I returned to my studio, still not realising where the ghostly voice had come from, until I leaned my ear close to the stove and heard the wind whispering in the cinders. But I didn’t notice the beloved following me.

Stirring tea

“What are you doing now?” she wondered, holding jacket and waistcoat in her hands. Once again I told her the truth.

“I was listening to the stove,” I declared. “I thought I heard a voice.”

“I’ll leave your jacket and waistcoat here,” she said warily, slinging them on the back of a chair, “They’ll thaw out fast enough.”

When she was gone I recorded my weekly podcast, which for me is a way of connecting with other people.

“I am present,” I declare to the listeners. “I am here with you.”

I even imagine listeners stirring tea in their own kitchens, or walking along some shoreline, or in a forest; with me in their ears.

“But I am here,” I assure them, uttering each word sincerely into the microphone. And I always end with the phrase “Thank you for being here”, before discarding the headphones and closing down the computer.

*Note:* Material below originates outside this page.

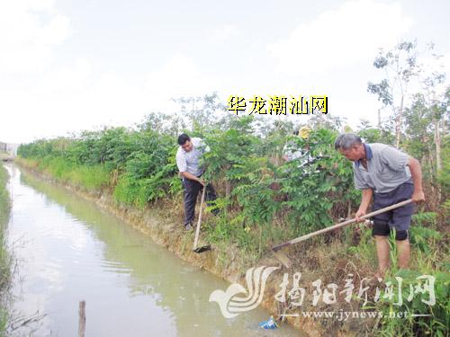 图为村民正在水渠边除杂草。黄健新 摄

Looking out the window I see the beloved heading off for her studio. And I know my listeners are far away, in worlds I know nothing about. And I accept that the birds don’t read my existence as significant. And the stove is silent.

I am not present to anyone else and nobody is present to me, because at the deepest level, the lockdown is about being alone; and there is no one to comfort me.

Yet every day, as I reach this same threshold, I feel the same serenity.